Within the records below, find the line with "Naturalezas muertas [artículo]" and the line with "SCS Szczecinek zaprasza", then reproduce exactly those two lines and all lines between them, without any picture.

--- RECORDS SHOWN Enclosed Below ---

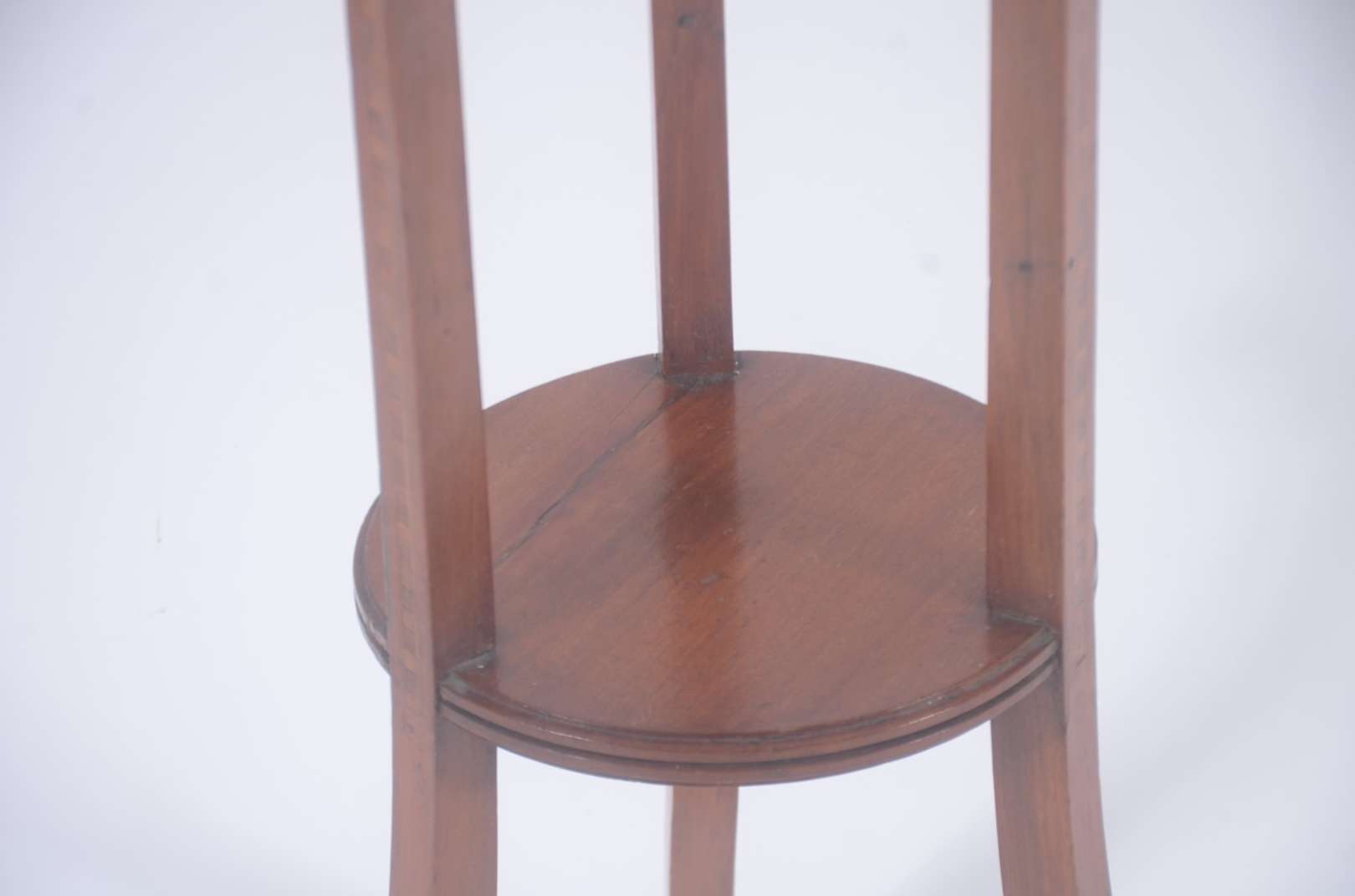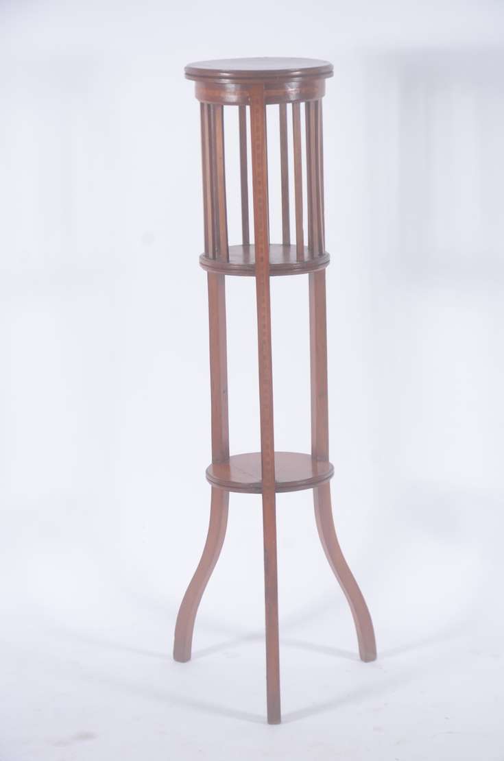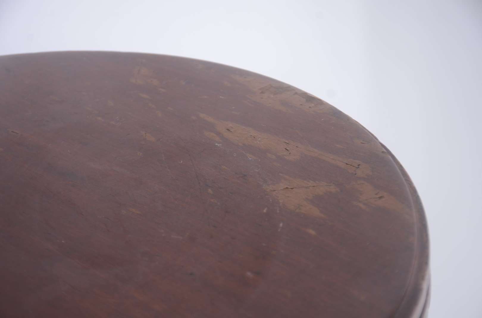 Banquinho de madeira rústica com base em tripé.
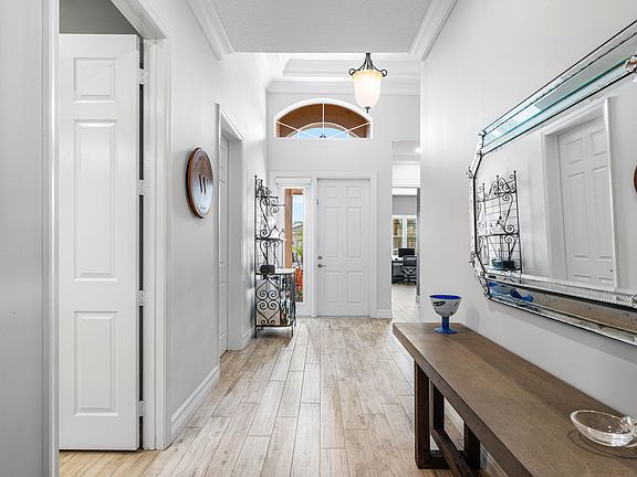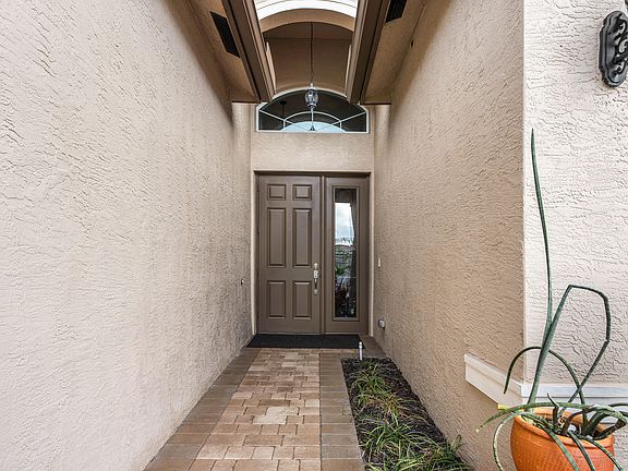 This popular open concept Atlantica model has a split bedroom plan and sits on a lushly landscaped private lot. The beautiful home, with two bedrooms plus den and two and one half baths, features impact windows, newish A/C (Daikin 3.5 ton unit installed 10/2023), ''wood-look'' porcelain plank tile throughout, recessed lighting, crown molding, fans, plantation shutters, upgraded baths and more! The gourmet kitchen has white wood cabinets, quartz countertops, white subway tile backsplash, stainless steel appliances, a built-in pantry and all the bells and whistles! The large counter-depth snack bar and breakfast nook are perfect for casual dining. The kitchen is open to the great room and dining room - perfect for entertaining. Enjoy your morning coffee on the covered screened patio! Valencia Cove is a premier 55+ lifestyle community featuring a spectacular 39,000 square-foot clubhouse and 10 acre outdoor recreational facility. Endless activities and opportunities for fun abound - there are activities, trips, shows, and clubs of all types. The clubhouse features an expansive foyer and lobby, grand ballroom with raised stage and dance floor, four spacious card rooms, Cafe with indoor/outdoor seating, Arts and crafts room with kiln, Internet/Billiards room, Office, Catering kitchen with separate demonstration cooking studio, Yoga & exercise studio with ping pong, fully equipped fitness center and men's and women's locker rooms with steam rooms, massage room and showers. There are four pools - a beautiful Resort-style pool and Shade Pavilions, Lap pool with Swimmers' Lap Lanes, Resistance walking pool, Grandchildren's wading pool, and an Outdoor whirlpool spa. There are eight har-tru tennis courts with shade pavilions and lighting for night play, tennis pro shop, tennis pro, league play, six pickleball courts, pickleball pro, league play, 2 bocce courts, league play, half-court basketball and walking/jogging/biking paths throughout and just outside the community. Valencia Cove is conveniently located near shopping, restaurants, houses of worship and major highways!
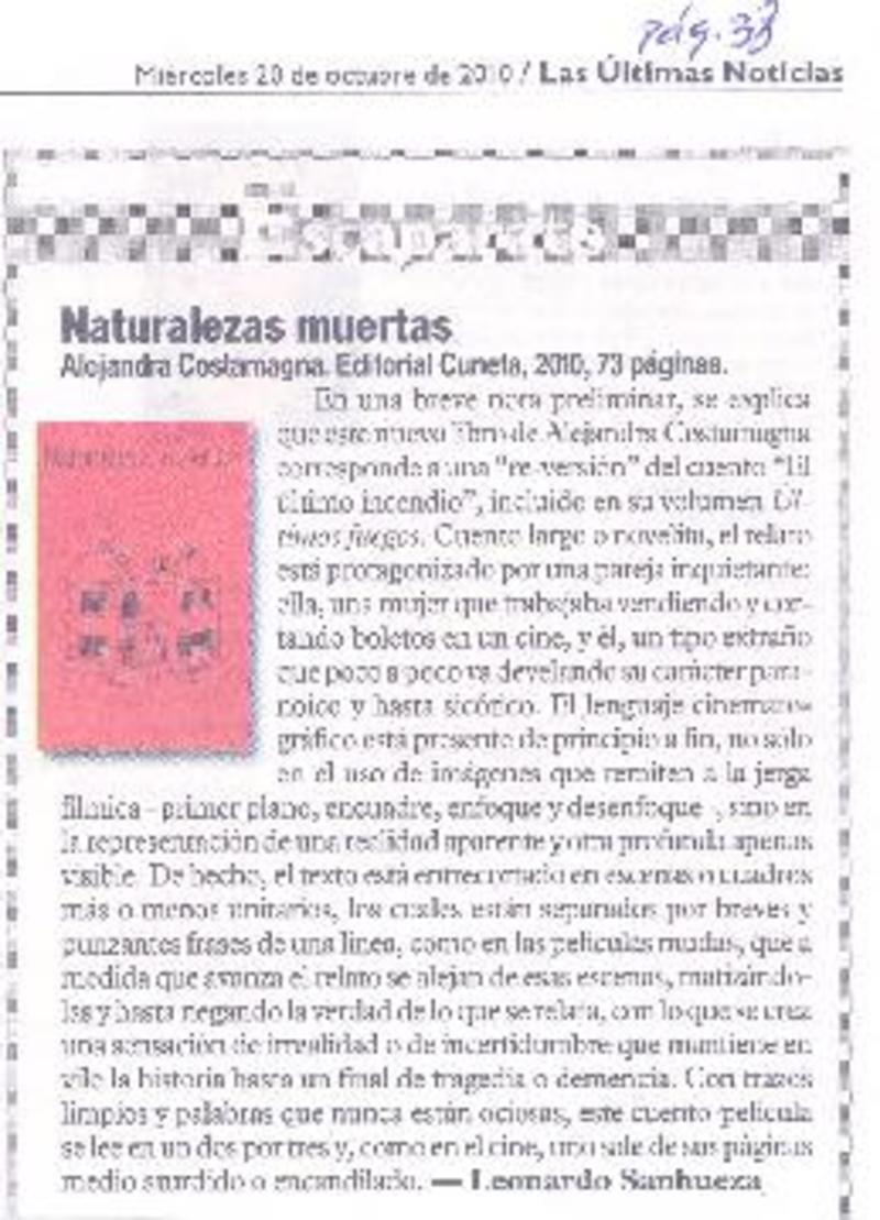 Naturalezas muertas [artículo] Leonardo Sanhueza.
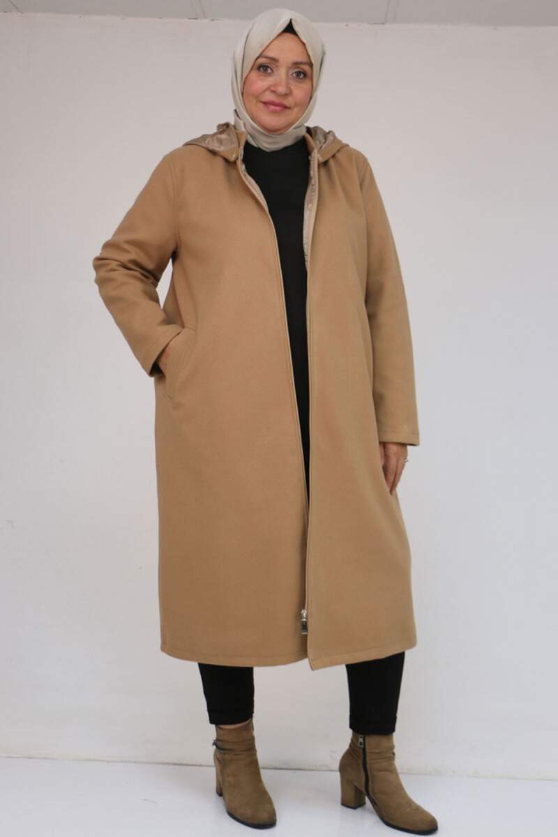 53033 Büyük Beden Kapşonlu Boydan Fermuarlı Kaşe Kaban - Taba
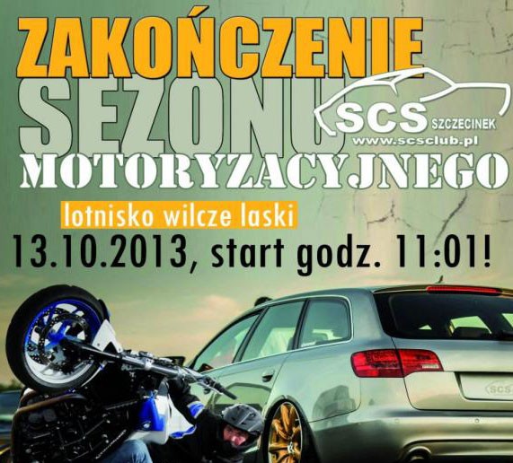 SCS Szczecinek zaprasza na zakończenie sezonu motoryzacyjnego. Już w niedzielę (13.10) na lotnisku w Wilczych Laskach kolejne motoryzacyjne show dla całych rodzin. Na imprezie miedzy innymi: Wyścigi 1/4 mili - dla samochodów (zapisy na 1/4 mili do godziny 12.00. Oplata startowa 20 zł.) 1/4 mili - dla motocykli, pokazy driftu, drift taxi, pokaz oldtimerów, konkurs na najwolniejszą jazdę motocyklem, wybory najładniejszych aut TOP 5. Zamek dmuchany dla dzieci - gratis.
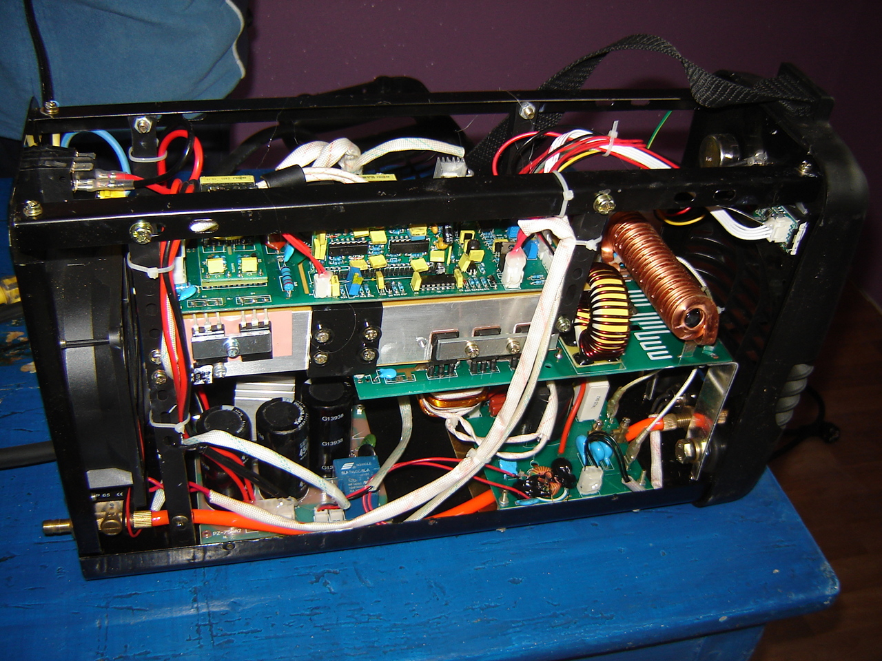 И Елжен 200SL (моята машина е произведена от Youli Electric в Китай, но има европейски сертификат, издаден в Англия от АВТЕК Хаус, Хандфорд, Чешър (правена е по-поръчка на старата варненска фирма правеща преди, а и още трансформаторни електрожени)), та силовата част се състои от 4бр. IGBT транзистора по 44 А, 6 бр. ултрабързи диоди по 25 ампера, 4 бр. филтриращи кондензатори по 470 микрофарада, грец схема - вероятно 50 ампера. Изходен дросел - няма.

--- End of Enclosed RECORDS SHOWN ---

*WORKED SOLUTION*.
 Naturalezas muertas [artículo] Leonardo Sanhueza.
 53033 Büyük Beden Kapşonlu Boydan Fermuarlı Kaşe Kaban - Taba
 SCS Szczecinek zaprasza na zakończenie sezonu motoryzacyjnego. Już w niedzielę (13.10) na lotnisku w Wilczych Laskach kolejne motoryzacyjne show dla całych rodzin. Na imprezie miedzy innymi: Wyścigi 1/4 mili - dla samochodów (zapisy na 1/4 mili do godziny 12.00. Oplata startowa 20 zł.) 1/4 mili - dla motocykli, pokazy driftu, drift taxi, pokaz oldtimerów, konkurs na najwolniejszą jazdę motocyklem, wybory najładniejszych aut TOP 5. Zamek dmuchany dla dzieci - gratis.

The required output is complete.